2)‘’yolo export model=yolov8n.pt imgsz=640 format=tflite int8 separate_outputs=True”, an error was reported.

///

imx8mp@E480:~/git/imx8mp/cyberbee/NFS/gst/ultralytics_yolov8$ yolo export model=yolov8n.pt imgsz=640 format=tflite int8 separate_outputs=True
Traceback (most recent call last):
File "/usr/local/bin/yolo", line 8, in <module>
sys.exit(entrypoint())
File "/home/xhwang/.local/lib/python3.8/site-packages/ultralytics/cfg/__init__.py", line 903, in entrypoint
check_dict_alignment(full_args_dict, overrides)
File "/home/xhwang/.local/lib/python3.8/site-packages/ultralytics/cfg/__init__.py", line 485, in check_dict_alignment
raise SyntaxError(string + CLI_HELP_MSG) from e
SyntaxError: 'separate_outputs' is not a valid YOLO argument.

Arguments received: ['yolo', 'export', 'model=yolov8n.pt', 'imgsz=640', 'format=tflite', 'int8', 'separate_outputs=True']. Ultralytics 'yolo' commands use the following syntax:

yolo TASK MODE ARGS

''''''''''''''''''''''''

 

Thanks,

Joshua

 

0 Kudos
Reply
8 Replies

1,516 Views
Joshua2
Contributor II

Hi Zhiming,

    The problem with YOLO's reasoning is still unresolved and we need your help.

   IMAGE: LF_v6.6.52-2.2.0_images_IMX8MPEVK

   I tried using NPU inference, but the speed was very slow. The CPU takes about 50ms, but the NPU requires 3500ms. Is there a problem with the configuration?

NPU:

python3 main.py --model yolov8n_full_integer_quant.tflite --img image.jpg --conf-thres 0.5 --iou-thres 0.5
INFO: Vx delegate: allowed_cache_mode set to 0.
INFO: Vx delegate: device num set to 0.
INFO: Vx delegate: allowed_builtin_code set to 0.
INFO: Vx delegate: error_during_init set to 0.
INFO: Vx delegate: error_during_prepare set to 0.
INFO: Vx delegate: error_during_invoke set to 0.
W [HandleLayoutInfer:332]Op 162: default layout inference pass.
W [HandleLayoutInfer:332]Op 162: default layout inference pass.
W [HandleLayoutInfer:332]Op 162: default layout inference pass.
W [HandleLayoutInfer:332]Op 162: default layout inference pass.
W [HandleLayoutInfer:332]Op 162: default layout inference pass.
W [HandleLayoutInfer:332]Op 162: default layout inference pass.
W [HandleLayoutInfer:332]Op 162: default layout inference pass.

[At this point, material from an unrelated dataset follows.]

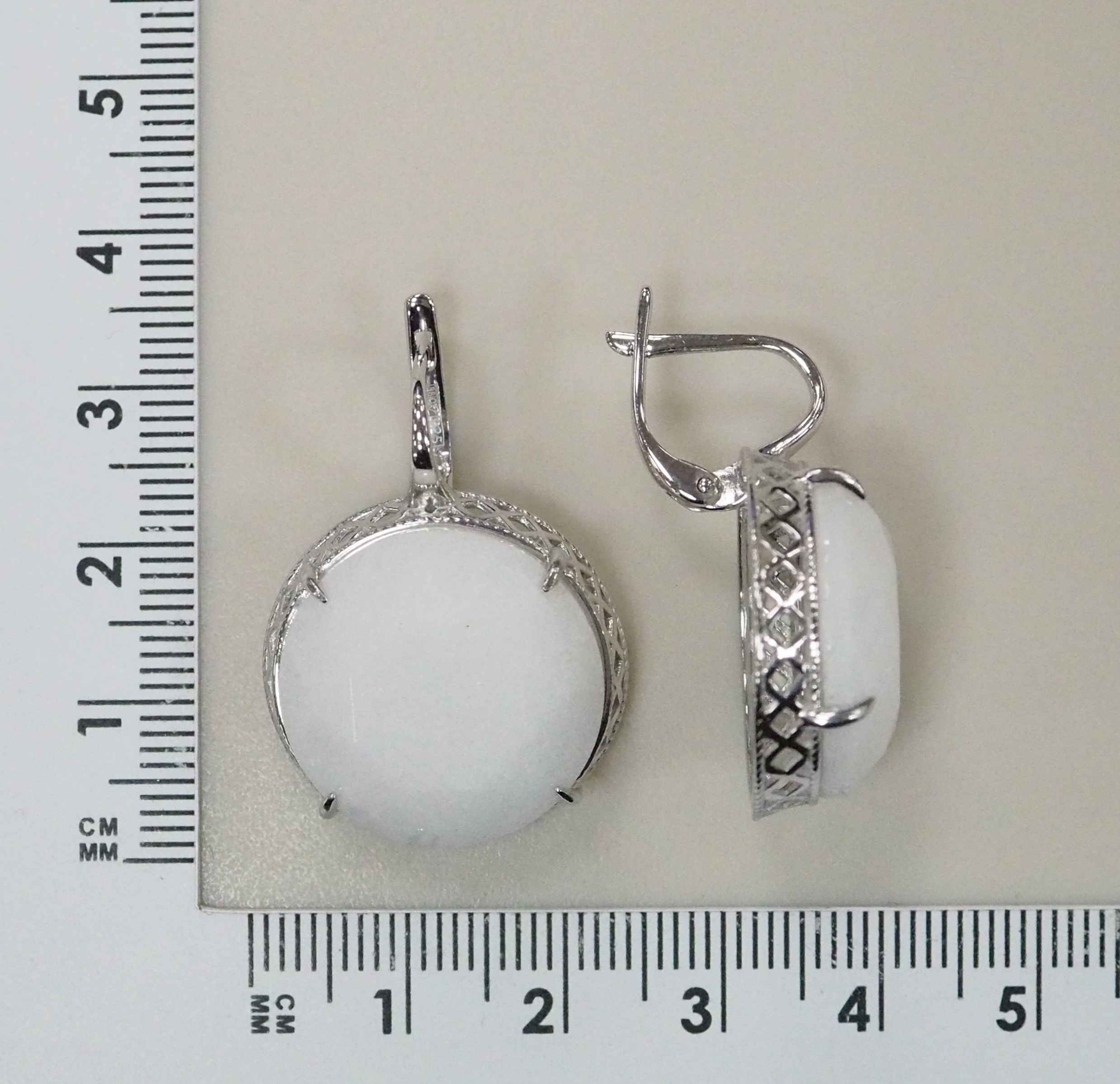 Серебряные серьги с белыми нефритами

##########Inference time: 3446.0 ms

img_width 256 img_height 256
[[[ 2.6509 15.906 15.906 ... 145.8 178.94 243.89]
[ 7.9528 11.929 11.929 ... 198.82 185.57 189.54]
[ 6.6274 33.137 35.788 ... 214.73 145.8 59.646]
...
[ 0 0 0 ... 0 0 0]
[ 0 0 0 ... 0 0 0]
[ 0 0 0 ... 0 0 0]]]
[32.7551794052124, 240.449116230011, 771.6738510131836, 469.714515209198] 0.8750193 5
[57.9184627532959, 394.2247134447098, 162.1633529663086, 508.8573968410492] 0.7973549 0
[675.8167366683483, 455.7349169254303, 134.20414835214615, 419.387948513031] 0.7507562 0
[222.8777128458023, 402.6124691963196, 123.0204713344574, 447.3471450805664] 0.6316708 0

 

CPU:

python3 main.py --model yolov8n_full_integer_quant.tflite --img image.jpg --conf-thres 0.5 --iou-thres 0.5
INFO: Created TensorFlow Lite XNNPACK delegate for CPU.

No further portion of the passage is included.